The deck itself got this elevated post design in the shape of a T. It is really easy to build on and equally easy to wick. Another thing with this post design is the ease to position the coils to get the most out of it and lets not forget the ease to cut the legs after you built it.






The juice well is pretty shallow, meaning that it won’t hold any amount of liquid by itself. It does however use the barrel as an extended juice well and as such it does work real good.






It has a side airflow and the barrel got the VXV logo engraved into one side of it and the rest of it is clean with nothing else on it. The top cap is knurled and utilizes threads to adjust the airflow and it does work really good and it is real easy to adjust the airflow to your liking. Another thing with the airflow is that it is real smooth with no additional noise.






The barrel does have cut outs at the lower part with corresponding notches on the deck to keep the airflow at the same place no matter what. And with that threaded top cap it performs wonderfully.






As with lots of the new RDA’s on the market today this one as well is supposed to have 810 drip tips, at least I think that was the intention, but when I try to put my own 810 drip tips onto it, none of them does really fit since the opening for the drip tip is too wide, meaning that all of mine will fall out.






The one thing I really have an issue with on any RDA is bad O-rings, whether they are too strong or too loose. And on this RDA the ones holding the barrel is on the loose side and with juice on them they kinda get worse.

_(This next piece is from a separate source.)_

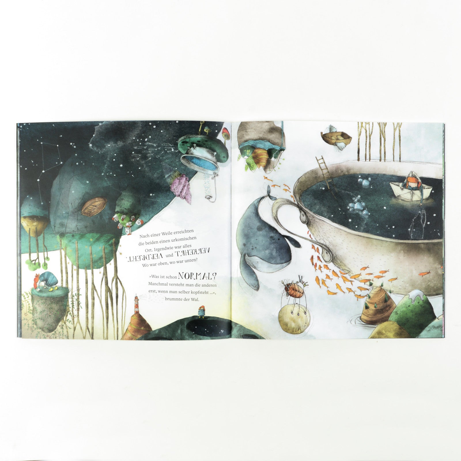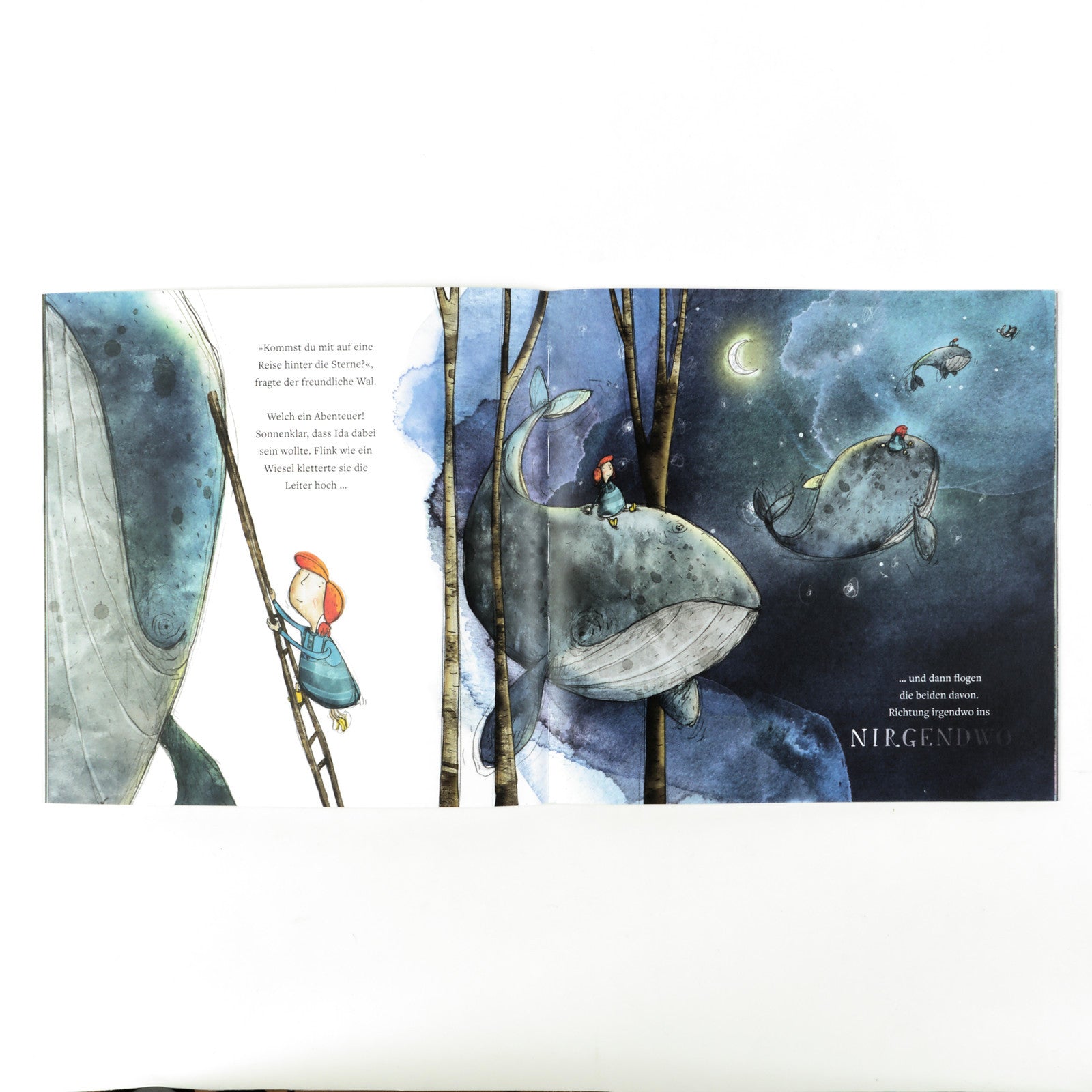 Eines Nachts taucht an Idas Fenster ein fliegender Wal auf, der sie mit auf eine Reise durch Raum und Zeit nimmt. Gemeinsam erkunden sie das Land, in dem alles verkehrt herum ist, und segeln ins große Nichts. Der kluge Wal navigiert, berät und steht Ida bei allen ihren großen Fragen zur Seite – auch dann noch, als er schon wieder verschwunden ist. Ein fantastisches Bilderbuch, das zum Träumen und Philosophieren einlädt.

One thing I know all of you reading this review wanna know is how it vapes, and how the flavor is… Well… all I can say is that this one does actually perform quite well, giving me really good flavor. And it is the second item from VXV that has surprised me with good flavor now, the last one was the Soulmate RBA.

*Assessment*
I must say that this has been a pleasant experience. It is easy to build, wick and to position the coils. It doesn’t look bad at all and the threaded top cap just makes it a breeze to adjust the airflow. And the good flavor I get out of it is just an unexpected bonus.

*Can I recommend it to others?*
When it comes to recommending it I have no problem whatsoever to do so. It is well made and it delivers really good flavor and to top it off it is reasonably priced for sure. And if you use my coupon code «Norseman» at checkout, you will get it even cheaper.

*Pros*
Machining
Hybrid safe
Really good flavor
Looks good
Squonk ready
Easy to build
Smooth airflow

*Cons*
O-rings on the deck don’t hold the barrel good enough
The 810 drip tips sit way to loose to be called 810 compatible

*Parameters*
Width: 24 mm
Height: 30 mm with the drip tip and closed airflow, 32mm with the airflow fully open and drip tip on
Black, SS

*Package includes*
1 x X RDA
1 x Squonk pin
4 x Spare post screws
2 x SS round wire coils
1 x Screwdriver
Spare O-rings

*You will find it here*
X RDA for $38.50 at the time i wrote the review.
And if you wanna buy it you can use the coupon code «Norseman» to get 15 % off on this item when you check out.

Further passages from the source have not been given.